_Exercise details_
While copying the entries exactly, leave out each picture they contain.
───── Data to examine
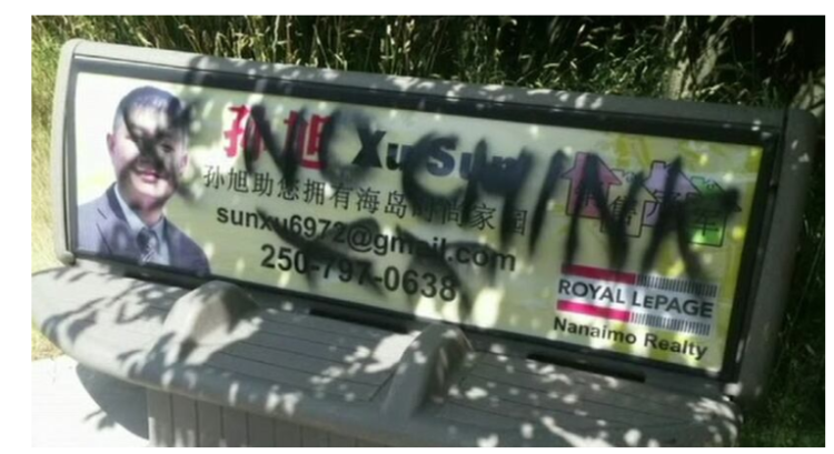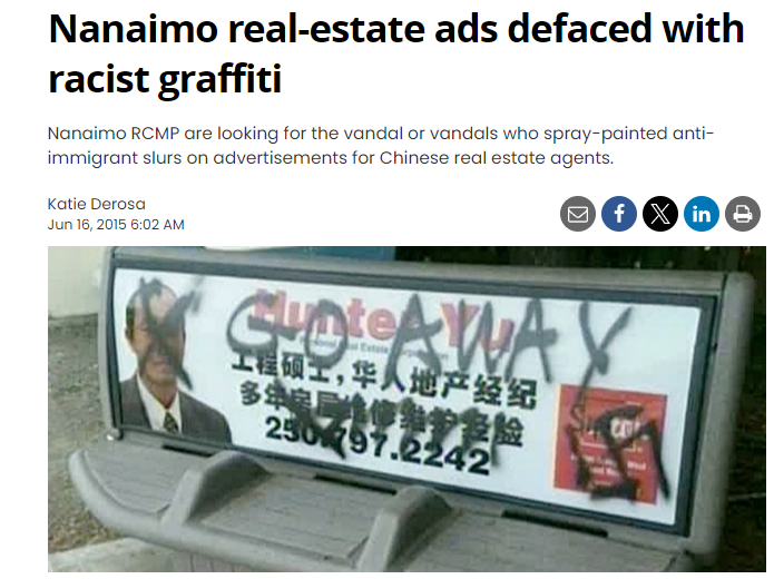最严重的一起发生在温哥华岛第二大城市Nanaimo:多个公交站的亚洲地产经纪广告被人恶意涂鸦,当地警方将其定性为种族歧视。
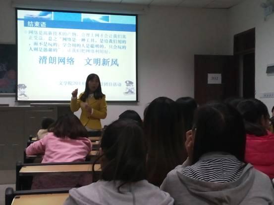 互联网影响和塑造着青年,青年也影响和塑造着互联网。为响应党和国家号召,3月中旬文学院、范长江新闻学院各班级在其精神影响下,分别在中文楼各个开展了“清朗网络,文明新风”的团日活动,此次团日活动气氛热烈,达到了十分良好的宣传效果。
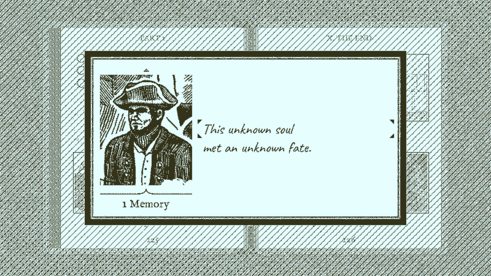 In 1802, the merchant ship Obra Dinn set out from London for the Orient with over 200 tons of trade goods. Six months later it hadn't met its rendezvous point at the Cape of Good Hope and was declared lost at sea. Early this morning of October 14th, 1807, the Obra Dinn drifted into port at Falmouth with damaged sails and no visible crew. As insurance investigator for the East India Company's London Office, dispatch immediately to Falmouth, find means to board the ship, and prepare an assessment of damages. Return of the Obra Dinn is a first-person mystery adventure based on exploration and logical deduction.
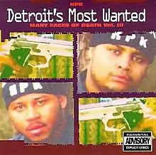 Many Faces Of Death, Vol. III is the third album by Detroit rap group Detroit's Most Wanted. Legalize It and Keep Holding On were released as singles.[4][5] The song I Never Had a Good Day is a response to Ice Cube's hit single It Was a Good Day from the previous year. Shortly before the release of this album, The group would break up due to a conflict of interest as MC Hammer wanted to sign DMW to his label Bust It Records but was prevented from doing so only by group leader Motsi Ski who would turn down the offer after disapproving of Hammer's plans for the group which would've involved a name change and a toning down of the group's lyrics.[6] MC Lee and DJ Duncan Hines would leave DMW to go sign with Hammer on Bust It Records, Causing Motsi Ski to be the only remaining member left in the group. This would be the final album as a group effort by DMW until the 2004 bonus disc of the Special Anniversary Edition of Tricks Of The Trade, Vol. II: The Money is Made.
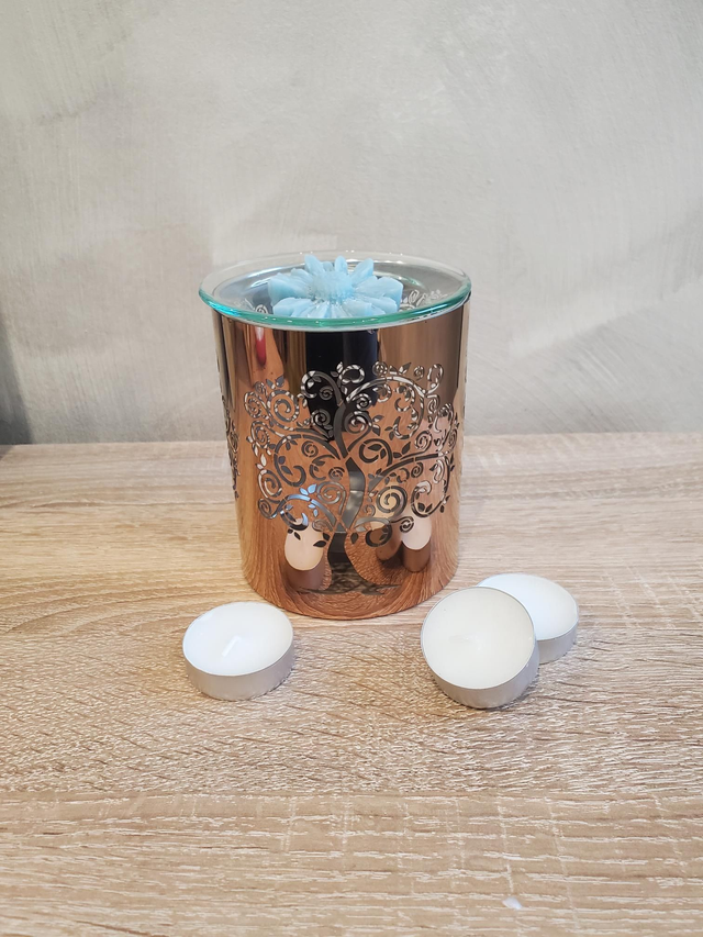 Apportez une touche de raffinement et de sérénité à votre intérieur avec ce brûleur métallique au design inspiré de l'arbredevie. Son motif délicatement ajouré laisse passer la lumière, créant une ambiance apaisante tout en diffusant subtilement vos senteurs préférées.
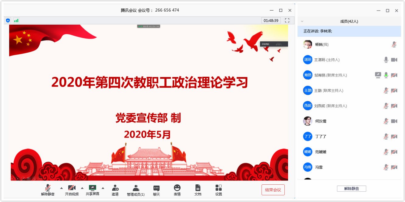 本次学习采用线上集中学习的模式,主讲团队发挥认真严谨的态度,通过研讨选择腾讯会议为在线学习的平台,并于5月8日上午11点半进行了会议平台测试,确保了政治理论学习圆满顺利完成。
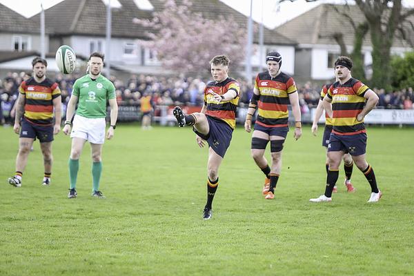But ten minutes in, we all settled down and the quality started. Our attack was patient and deliberate with Stephen Madigan stewarding the play left and right, then unexpectedly, he chips over their centres but in spite of the groans of Lansdowne supporters Harry O’Riordain charges through and gathers the ball, carrying well into their 22 and setting us up for our first serious attack. We get a kickable penalty and opt for the corner, a positive move, but for the first of many set pieces, Clontarf frustrate our efforts and steal it, exiting their danger zone. Our attack resumes, but there’s a caution there and soon ‘Tarf turn over and counter back into our half. Their first serious visit and they plant a flag with a score in the corner. A defensive glitch in the centre and they slice through the gap and their lock Fionn Gilbert touches down. After his miss under the posts, we have high hopes that Kelly will miss this near impossible conversion into the wind from the touchline. No such luck. 7 – 0
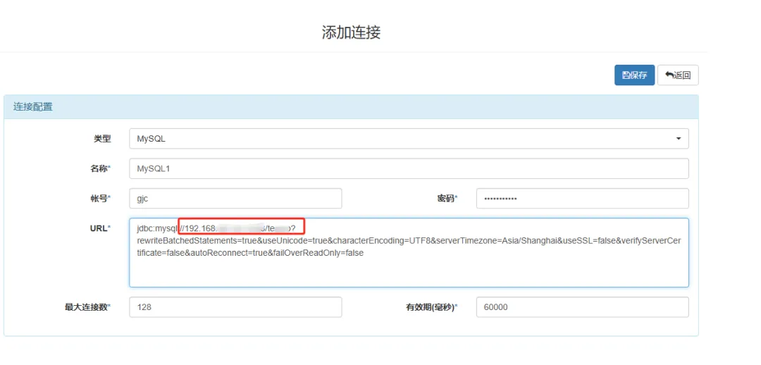 再配置一个MySQL数据源作为目标库,MySQL的连接URL里要注意库名的配置。
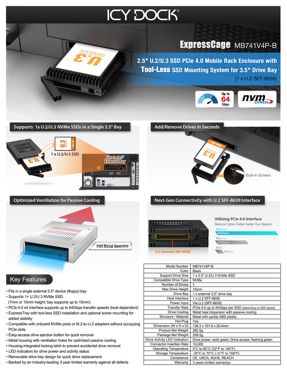 지원 드라이브 크기: | 1 x 2.5" U.2/U.3 NVMe SSD |
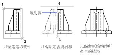 繞被稱作鏡射線的軸翻轉物件以建立鏡射影像。若要指定這個暫時鏡射線,請輸入兩點。您可以選擇是刪除還是保留原始物件。
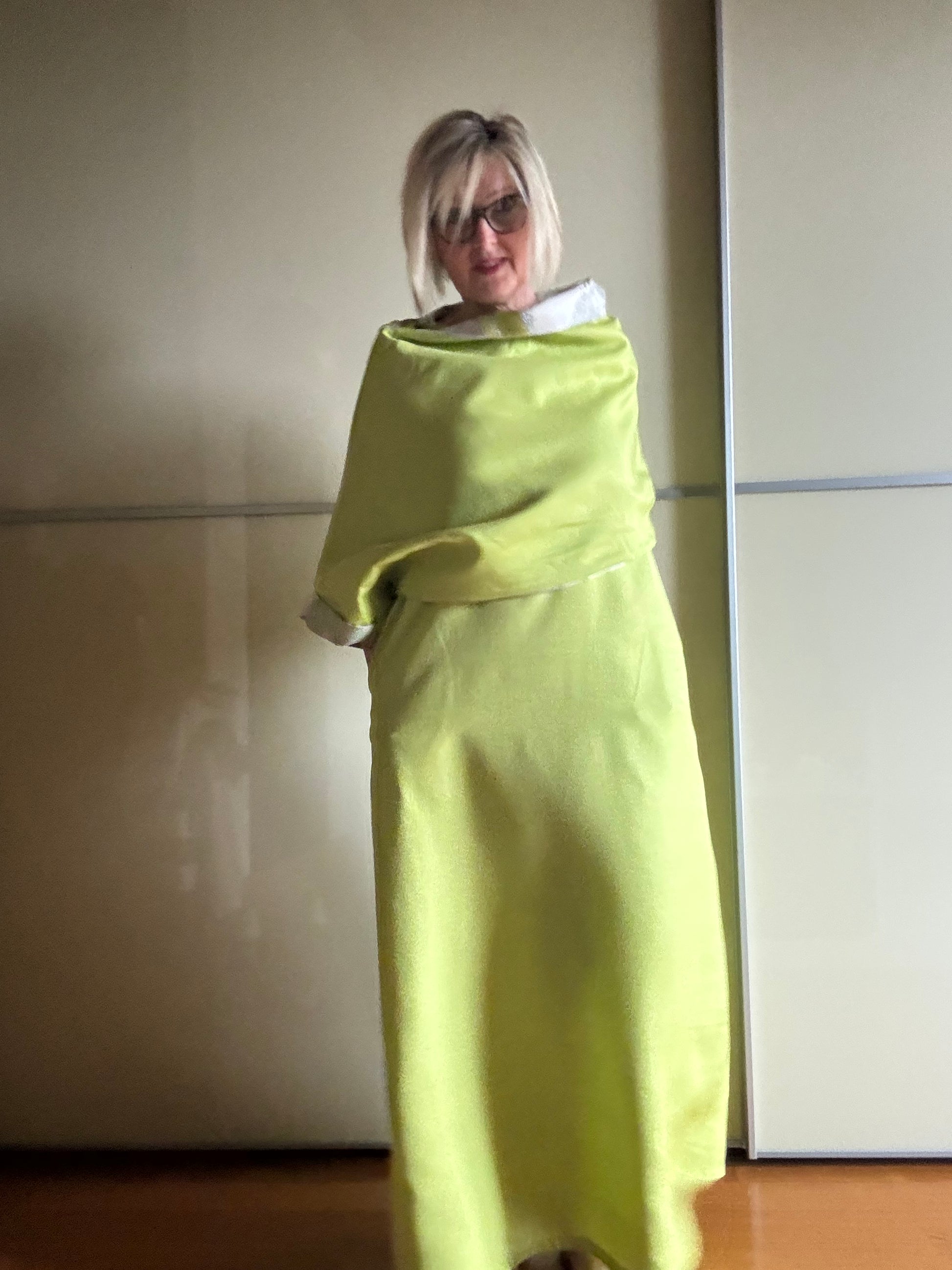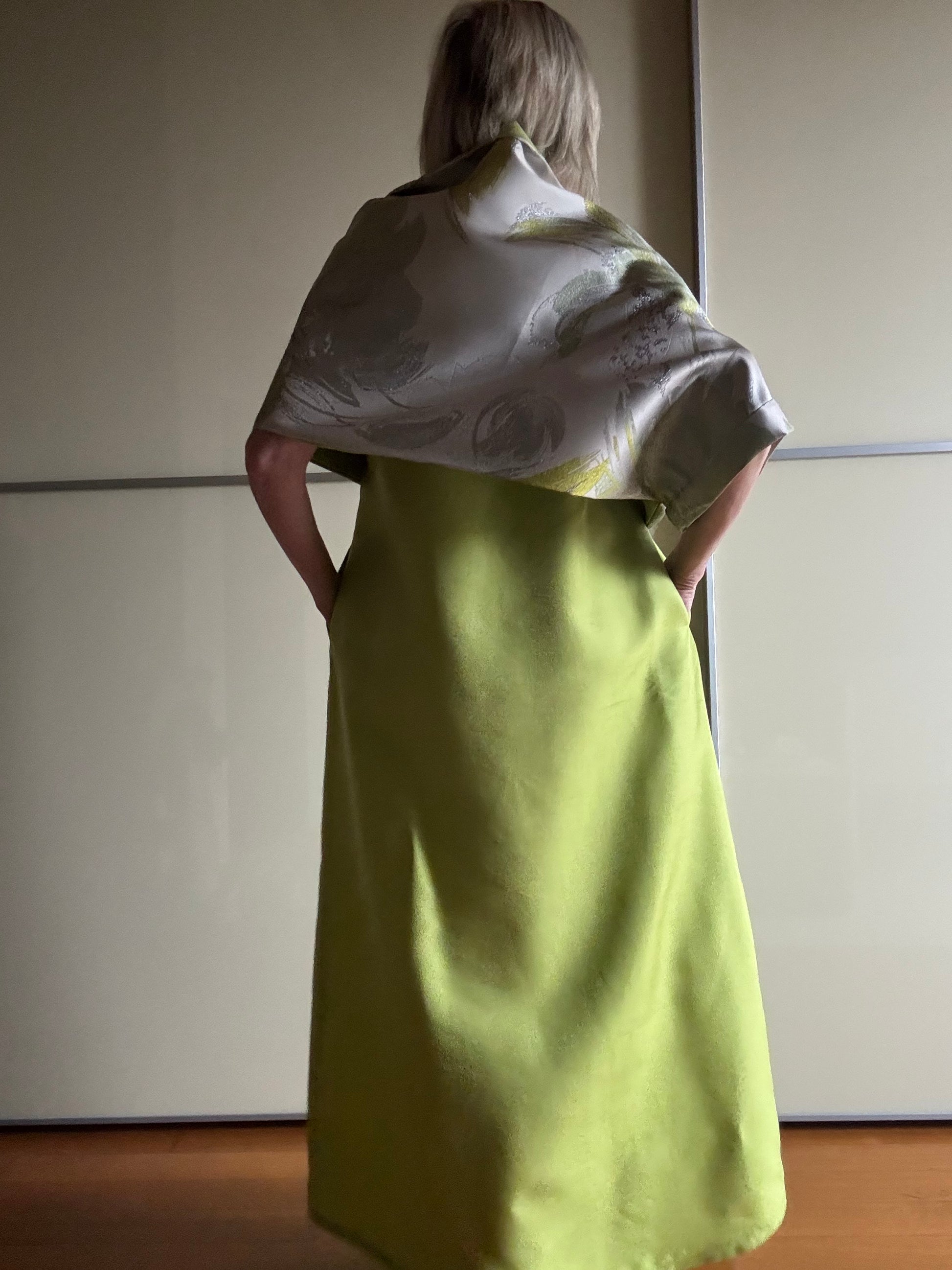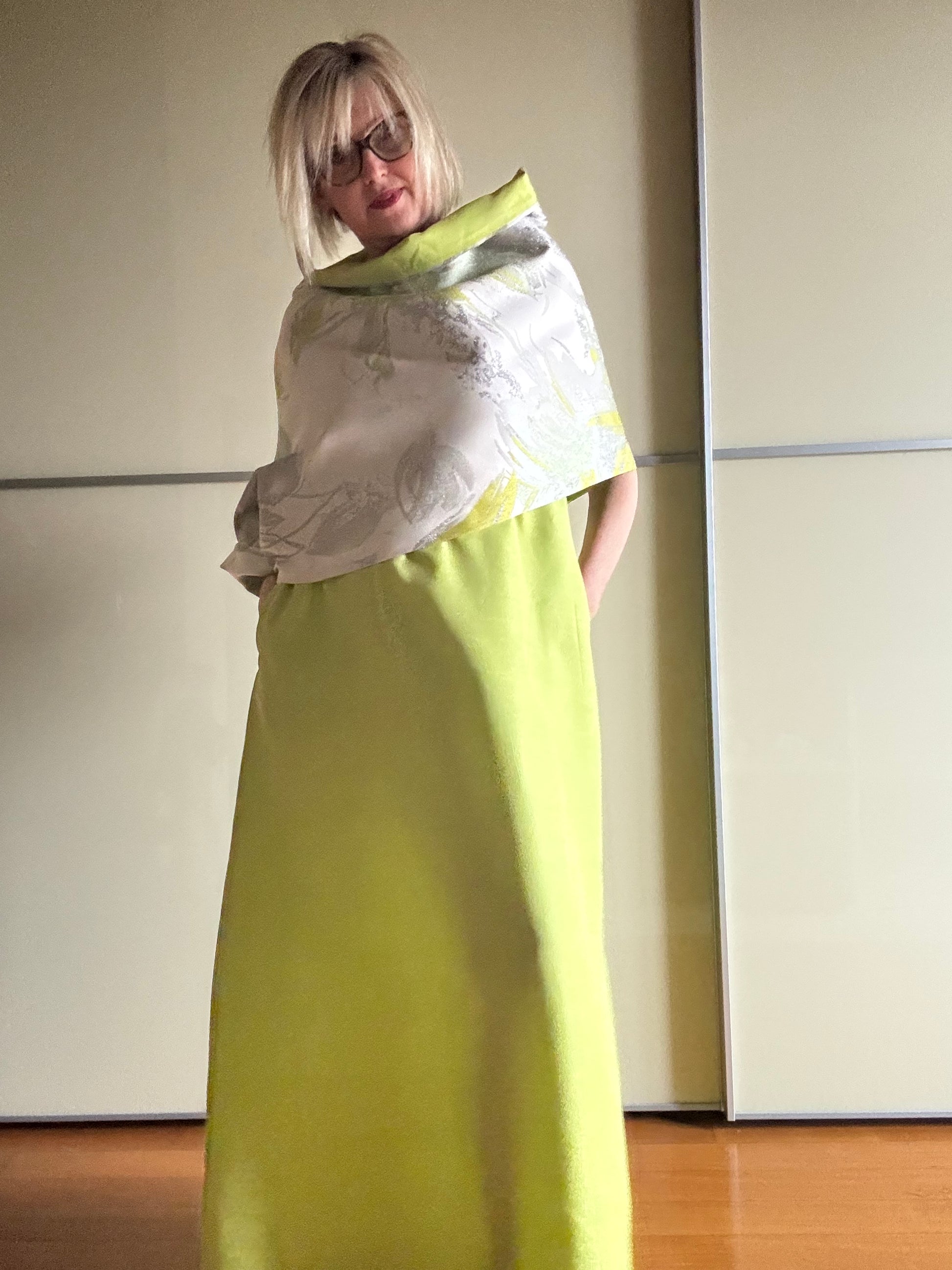 Una cappa unica, reversibile: da un lato in broccato misto seta, dall’altro in pura seta color lime come l’abito
──────────
_Written solution_
最严重的一起发生在温哥华岛第二大城市Nanaimo:多个公交站的亚洲地产经纪广告被人恶意涂鸦,当地警方将其定性为种族歧视。
 互联网影响和塑造着青年,青年也影响和塑造着互联网。为响应党和国家号召,3月中旬文学院、范长江新闻学院各班级在其精神影响下,分别在中文楼各个开展了“清朗网络,文明新风”的团日活动,此次团日活动气氛热烈,达到了十分良好的宣传效果。
 In 1802, the merchant ship Obra Dinn set out from London for the Orient with over 200 tons of trade goods. Six months later it hadn't met its rendezvous point at the Cape of Good Hope and was declared lost at sea. Early this morning of October 14th, 1807, the Obra Dinn drifted into port at Falmouth with damaged sails and no visible crew. As insurance investigator for the East India Company's London Office, dispatch immediately to Falmouth, find means to board the ship, and prepare an assessment of damages. Return of the Obra Dinn is a first-person mystery adventure based on exploration and logical deduction.
 Many Faces Of Death, Vol. III is the third album by Detroit rap group Detroit's Most Wanted. Legalize It and Keep Holding On were released as singles.[4][5] The song I Never Had a Good Day is a response to Ice Cube's hit single It Was a Good Day from the previous year. Shortly before the release of this album, The group would break up due to a conflict of interest as MC Hammer wanted to sign DMW to his label Bust It Records but was prevented from doing so only by group leader Motsi Ski who would turn down the offer after disapproving of Hammer's plans for the group which would've involved a name change and a toning down of the group's lyrics.[6] MC Lee and DJ Duncan Hines would leave DMW to go sign with Hammer on Bust It Records, Causing Motsi Ski to be the only remaining member left in the group. This would be the final album as a group effort by DMW until the 2004 bonus disc of the Special Anniversary Edition of Tricks Of The Trade, Vol. II: The Money is Made.
 Apportez une touche de raffinement et de sérénité à votre intérieur avec ce brûleur métallique au design inspiré de l'arbredevie. Son motif délicatement ajouré laisse passer la lumière, créant une ambiance apaisante tout en diffusant subtilement vos senteurs préférées.
 本次学习采用线上集中学习的模式,主讲团队发挥认真严谨的态度,通过研讨选择腾讯会议为在线学习的平台,并于5月8日上午11点半进行了会议平台测试,确保了政治理论学习圆满顺利完成。
But ten minutes in, we all settled down and the quality started. Our attack was patient and deliberate with Stephen Madigan stewarding the play left and right, then unexpectedly, he chips over their centres but in spite of the groans of Lansdowne supporters Harry O’Riordain charges through and gathers the ball, carrying well into their 22 and setting us up for our first serious attack. We get a kickable penalty and opt for the corner, a positive move, but for the first of many set pieces, Clontarf frustrate our efforts and steal it, exiting their danger zone. Our attack resumes, but there’s a caution there and soon ‘Tarf turn over and counter back into our half. Their first serious visit and they plant a flag with a score in the corner. A defensive glitch in the centre and they slice through the gap and their lock Fionn Gilbert touches down. After his miss under the posts, we have high hopes that Kelly will miss this near impossible conversion into the wind from the touchline. No such luck. 7 – 0
 再配置一个MySQL数据源作为目标库,MySQL的连接URL里要注意库名的配置。
 지원 드라이브 크기: | 1 x 2.5" U.2/U.3 NVMe SSD |
 繞被稱作鏡射線的軸翻轉物件以建立鏡射影像。若要指定這個暫時鏡射線,請輸入兩點。您可以選擇是刪除還是保留原始物件。
 Una cappa unica, reversibile: da un lato in broccato misto seta, dall’altro in pura seta color lime come l’abito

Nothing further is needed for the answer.